Huang Desheng, Wei Peng, Pan Wei
Division of Biostatistics, School of Public Health, University of Minnesota, Minneapolis, 55455, USA.
OMICS. 2006 Spring;10(1):28-39. doi: 10.1089/omi.2006.10.28.
It has been increasingly recognized that incorporating prior knowledge into cluster analysis can result in more reliable and meaningful clusters. In contrast to the standard modelbased clustering with a global mixture model, which does not use any prior information, a stratified mixture model was recently proposed to incorporate gene functions or biological pathways as priors in model-based clustering of gene expression profiles: various gene functional groups form the strata in a stratified mixture model. Albeit useful, the stratified method may be less efficient than the global analysis if the strata are non-informative to clustering. We propose a weighted method that aims to strike a balance between a stratified analysis and a global analysis: it weights between the clustering results of the stratified analysis and that of the global analysis; the weight is determined by data. More generally, the weighted method can take advantage of the hierarchical structure of most existing gene functional annotation systems, such as MIPS and Gene Ontology (GO), and facilitate choosing appropriate gene functional groups as priors. We use simulated data and real data to demonstrate the feasibility and advantages of the proposed method.

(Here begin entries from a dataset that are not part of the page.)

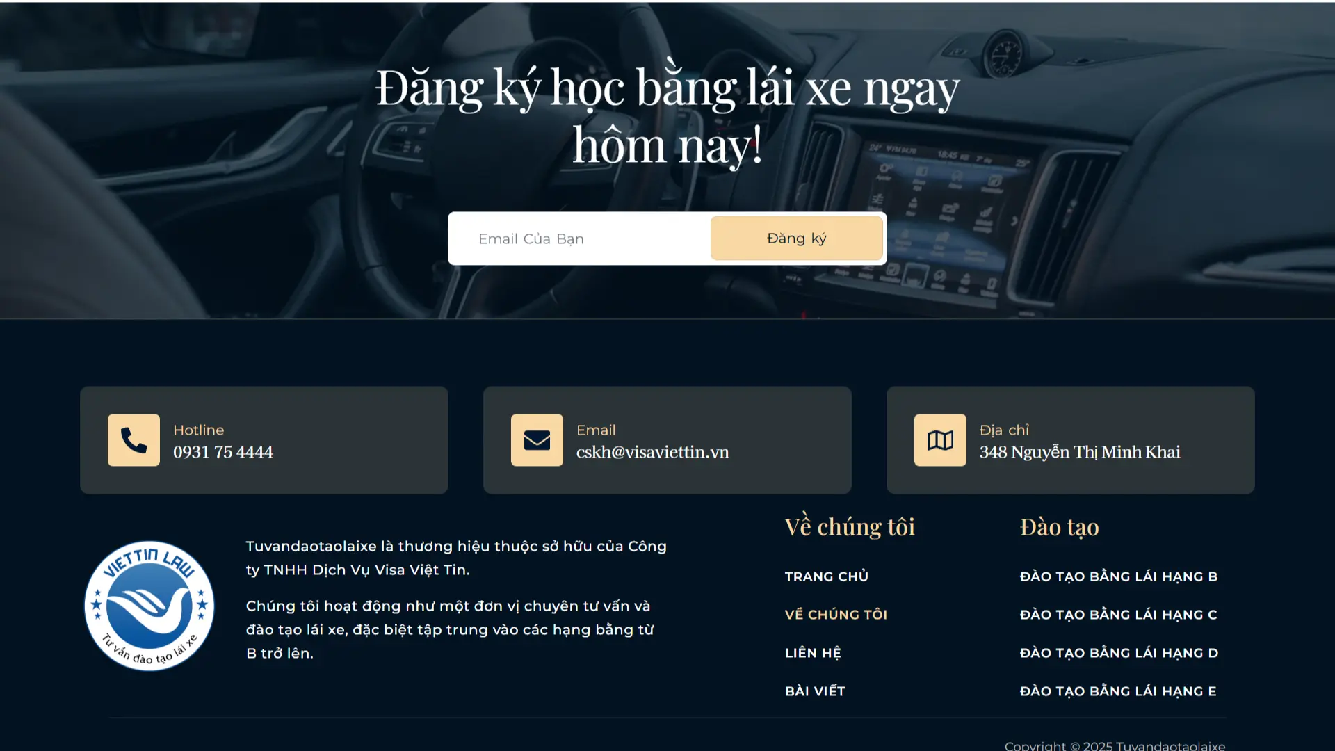“Tư Vấn Đào Tạo Lái Xe” lại là một thương hiệu khác thuộc “Công ty TNHH Dịch Vụ Visa Việt Tin”, hoạt động như một đơn vị chuyên tư vấn và đào tạo lái xe, đặc biệt tập trung vào các hạng bằng từ B trở lên.
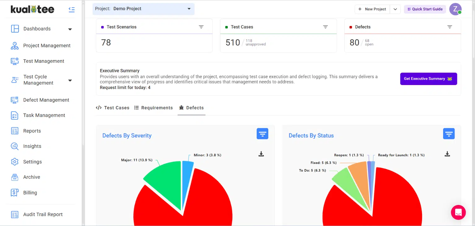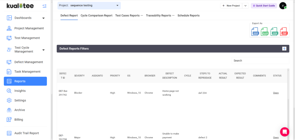 Generate custom reports for test, bug, and execution, and export them in a format of your choice. Teams can schedule reports to receive automatic updates through emails, minimizing the time and effort to develop new reports from scratch every time.
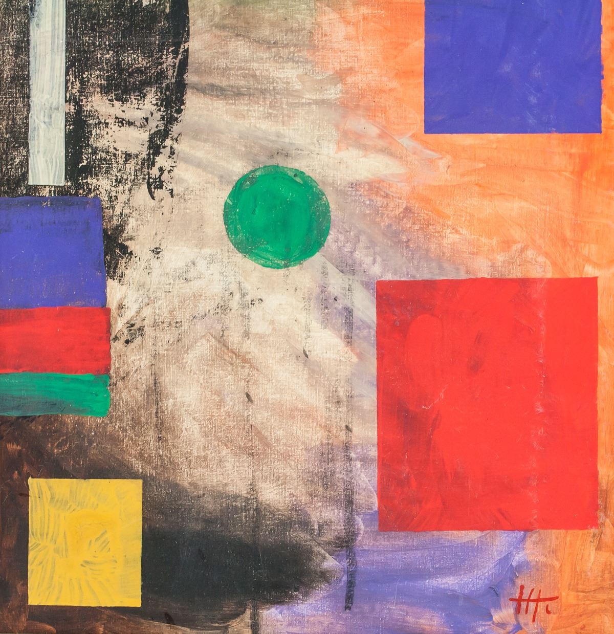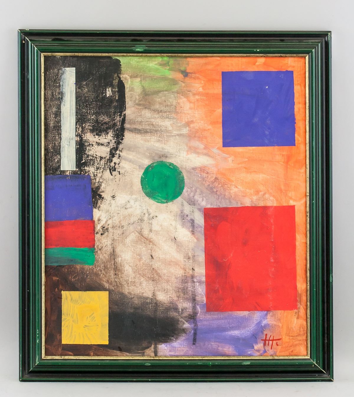 Oil on canvas, framed. Featuring an abstract expressionist composition. Signed HH on the lower right corner. Attributed to Hans Hofmann (1880-1966, American). 52.5 x 46 cm (20.75 x 18 inches). Framed size: 62 x 56 cm (24.5 x 22 inches). PROVENANCE: Southern Ontario estate

越来越多的人认识到,将先验知识纳入聚类分析可以得到更可靠、更有意义的聚类结果。与不使用任何先验信息的基于全局混合模型的标准模型聚类不同,最近有人提出了一种分层混合模型,将基因功能或生物途径作为先验信息纳入基因表达谱的基于模型的聚类中:在分层混合模型中,各种基因功能组构成了层次。尽管分层方法很有用,但如果这些层次对聚类没有信息价值,那么它可能不如全局分析有效。我们提出了一种加权方法,旨在在分层分析和全局分析之间取得平衡:它对分层分析的聚类结果和全局分析的聚类结果进行加权;权重由数据决定。更一般地说,加权方法可以利用大多数现有基因功能注释系统(如MIPS和基因本体论(GO))的层次结构,并有助于选择合适的基因功能组作为先验信息。我们使用模拟数据和实际数据来证明所提出方法的可行性和优势。